We measure effectiveness as the capability of each method to estimate properly the satisfaction probability of these variants. As mentioned before, we get an aggregated view of effectiveness by computing the Kendall and Pearson correlations. That is, we measure the capability of SMC methods to rank variants properly (using Kendall) and to preserve the relative difference between the estimated probability of the variants (using Pearson).

To conduct these experiments, we use two models that are bigger than Parametric Toy. The first is the Body Sensor Network from [24] and the second is a minepump VIS [9, 20]. We check both models against the property originally described in their respective papers. As for the simulation bound k, we set it to 30 for the Body Sensor Network and to 50 for the Minepump. Those values are sufficient to find violations of the properties.

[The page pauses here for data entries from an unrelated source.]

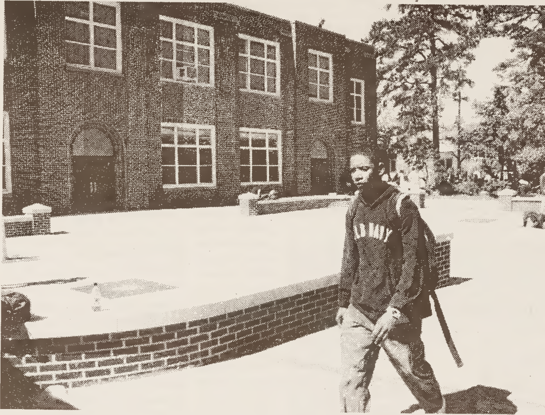
The new concrete seating area, completed at the end of September, provides extra seating for students at lunchtime. New picnic tables are scheduled to be added soon to provide even more space to eat.

A newly renovated cement seating area, the addition to the grove was originally designed to eliminate flooding that occurred repeatedly in Mr. Zaruba's classroom under the auditorium.
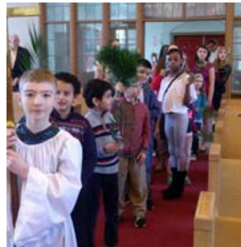
On Palm Sunday King Jesus gathered many nations for worship and fellowship around His Word
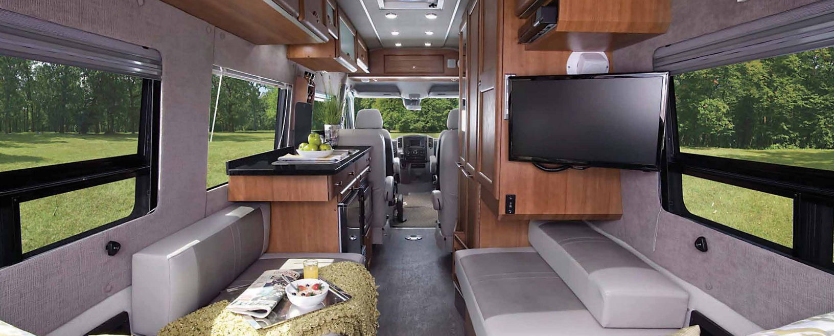
Spacious and comfortable rear lounge area features a home theatre system with 24" TV and 5.1 surround sound and speaker system.
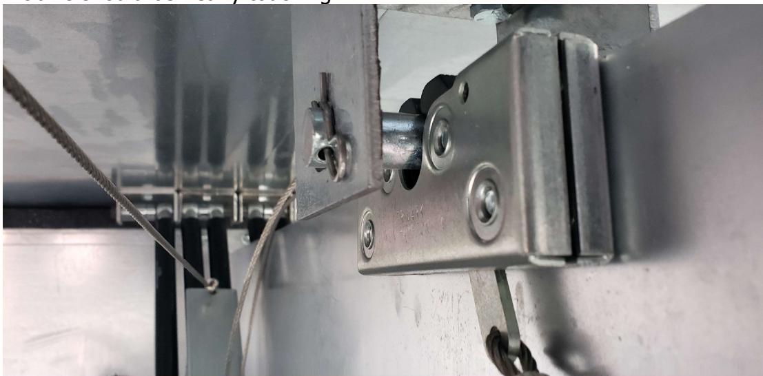
Figure 2: Second Latch Position Installed
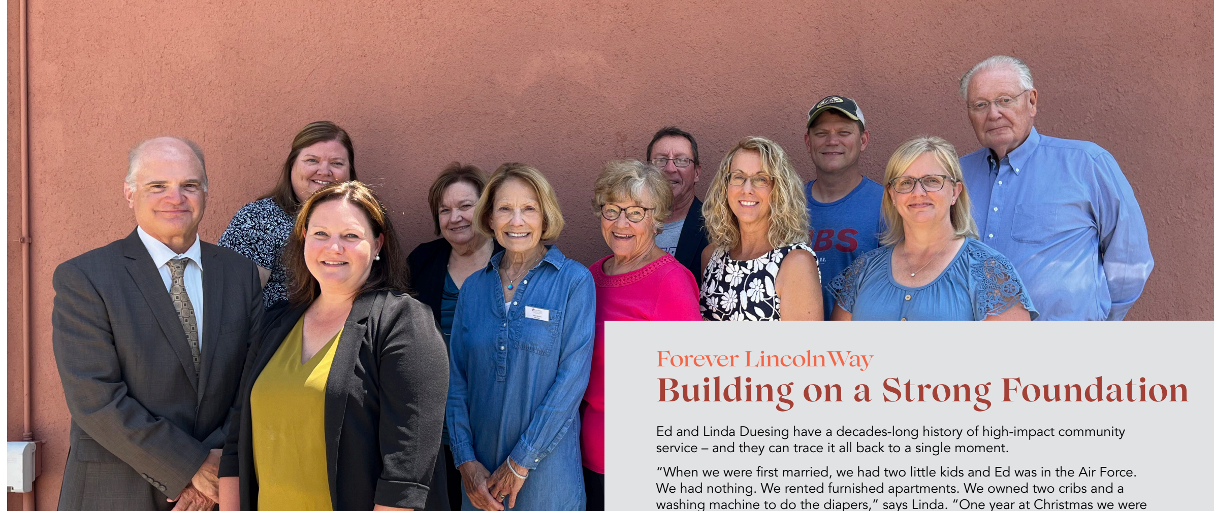
LincolnWay Community Foundation board members, leaders of the Forever LincolnWay campaign
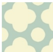
40939-7 Aqua Octopi ½ yd
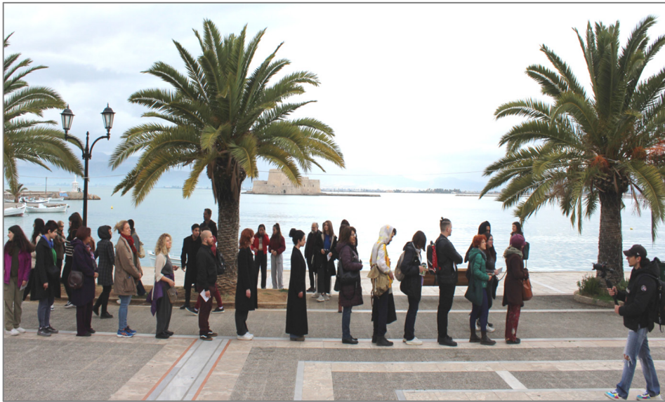
Fig. 8: The pilgrimage procession starting in the port of Nafplion. Listen-Watch-Be Silent , 21 January, 2023. Workshop instructors: Athena Stourna and Pablo Berzal Cruz.

detainees. The performance began as lightly as a tourist visit that soon turned into a nightmarish procession, when the spectators suddenly listened the motto “Listen-Watch-Be Silent” and were forced to form a line of what could be a group of prisoners of the past. From then on, they followed the same steps of the political prisoners who would arrive at the port and would be taken up to the Acronafplia prison to begin their sentence (Fig. 8).
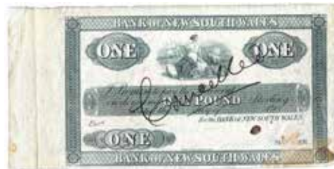
531 One Pound Bank of New South Wales, no domicile 1900. CANCELLED written across front in ink. Ink/tea stains and ink blotches, plus a couple repaired pinholes. Very scarce. VF
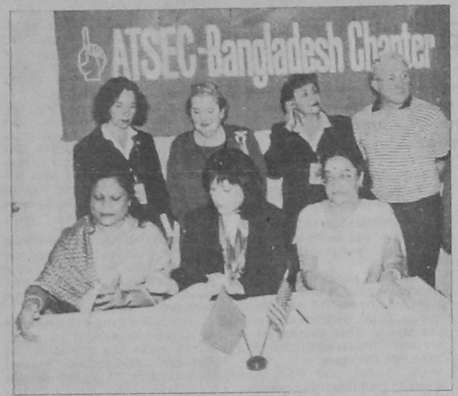
US Secretary of State Madeleine Albright (2nd L) witnesses the signing of a USAID grant for Action Against Trafficking and Sexual Exploitation of Children (ATSEC), an NGO network, on Monday.
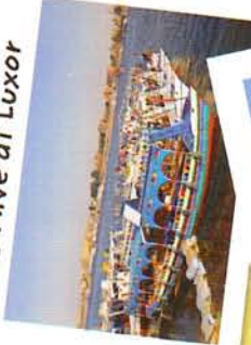
Nile Rive at Luxor
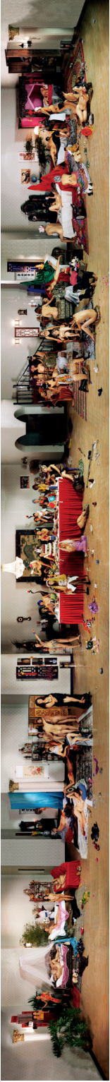
III. 7. Wang Qingsong, "China Mansion", 120x1200 cm, 2003.
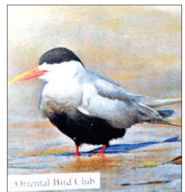
Oriental Bird Club
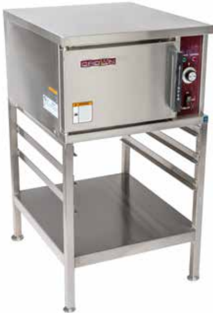
SX-3 shown on optional stand
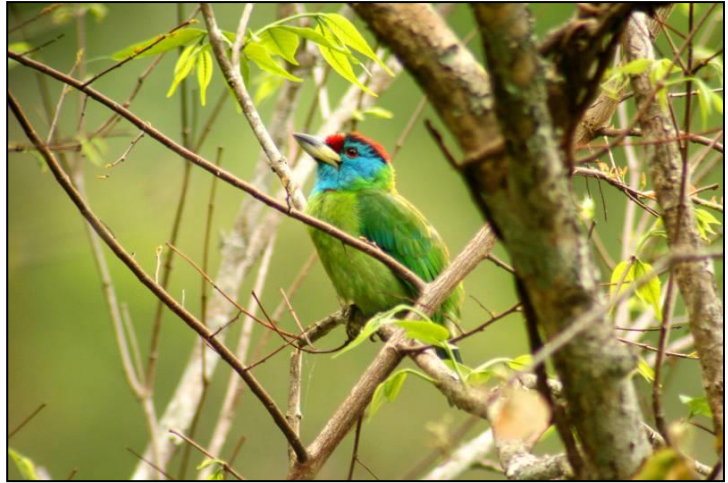
Blue-throated Barbet

Today we set out to explore the low-altitude areas of Bhutan and the direct vicinity of Samdrup Jongkhar and went as far as about 20 kilometres along the main East-West highway. Our first stop near some flowering Erythrina gave us a whole host of birds feeding. These included the loud Common Hill, Jungle, Common and Pied Mynas, as well as some Chestnut-tailed Starlings. A small group of Rufescent Prinias showed nearby, whilst a Little Pied Flycatcher watched from above. A huge flock of mixed species surrounded us and we managed to pick out Maroon Oriole, Common Iora, Chestnut-bellied Nuthatch, Orange-bellied and Gold-fronted Leafbirds, Asian Fairy-bluebird, Pin-striped Tit-Babbler, Scarlet Minivet Streaked Spiderhunter, Fire-breasted Flowerpecker, Greater Racket-tailed Drongo and a group of Himalayan Flamebacks.
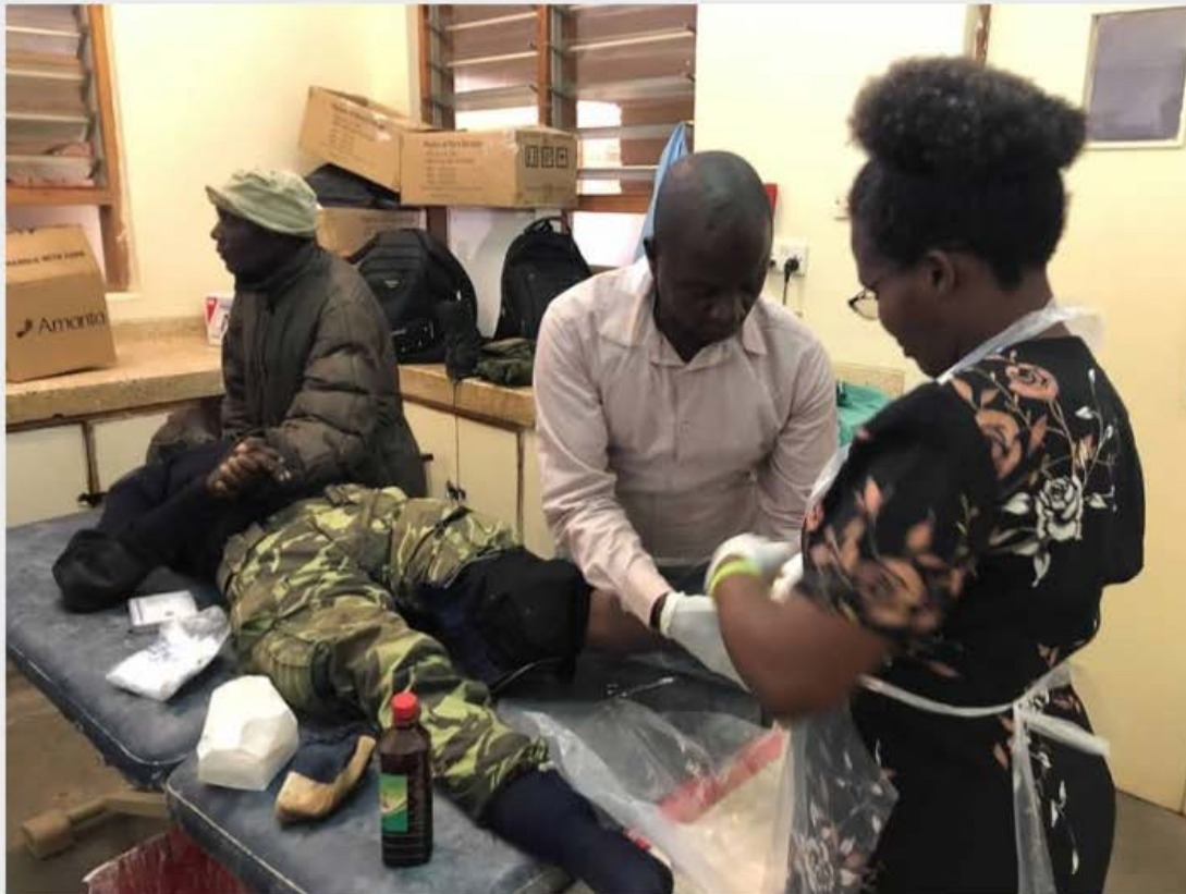
Government Ranger Injured in Line of Duty
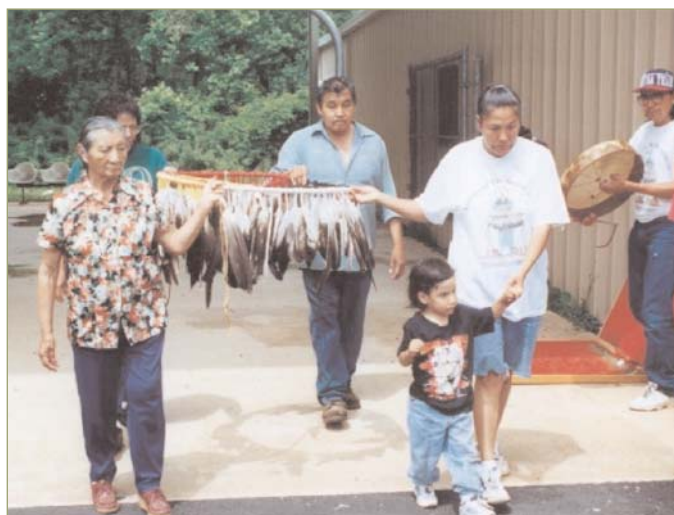
Community members carry the Hoop during a previous visit to Cherokee, NC, during Hoop Journey II in the summer of 2000
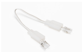
TLJOIN12-COB67 Tape to tape with 12inch wire lead (10mm)
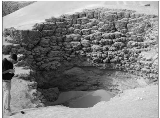
Fig. 11: Tufa gours at the northern wall of Sinkhole 4b suggesting origin of tufa by water cascading down from the up-slope side of the sinkhole.
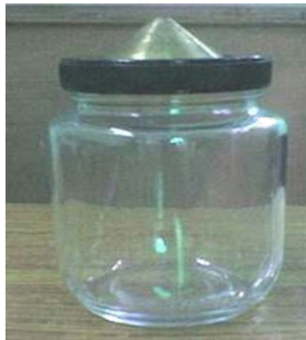
Figure 1. Pycnometer.
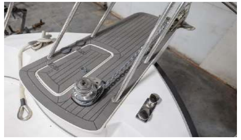
Large, safe pulpit, windlass
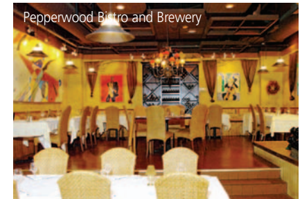
Pepperwood Bistro and Brewery

ing studios of seven craft guilds active in Burlington since the 1950's. Here is Canada's largest collection of contemporary ceramics, with over 1,600 pieces in the permanent collection, the work of 400 Canadian artisans. The Shoreline Room offers stunning views of the lake from floor to ceiling windows, seating 175 for dinner, and the intimate Fireside Lounge hosts 40. The open-air courtyard and gardens makes an inviting setting for cocktail receptions.
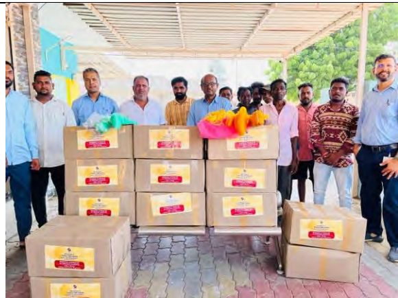
MoA for Construction of Govt. Primary School, Lakhigam Village
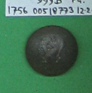
DOMED LIVERY BUTTON. EMBLEM OF PHOENIX RISING? GILLBROOK SEWARD 1344 1463G 20-7-02 C UKDFD. 13472

Finally, we check how our uniform sampling approach compares to a product-by-product sampling that considers the transition probability values to guide the random walk (i.e., the standard way to apply SMC to probabilistic systems). The difference between this “guided” random walk and uniform random walk is that the former asymptotically produces better estimates since it directly samples from the DTMC transition function. However, this guided approach may miss rare property violations in case of insufficient sampling budget, which may affect the conclusions of SMC. Hence, our research question is:

  • RQ3: Is guided random walk more effective than uniform random walk?

To answer this question, we repeat our RQ2 experiments (same protocol and settings) using SMC with guided random walk applied to each variant individually.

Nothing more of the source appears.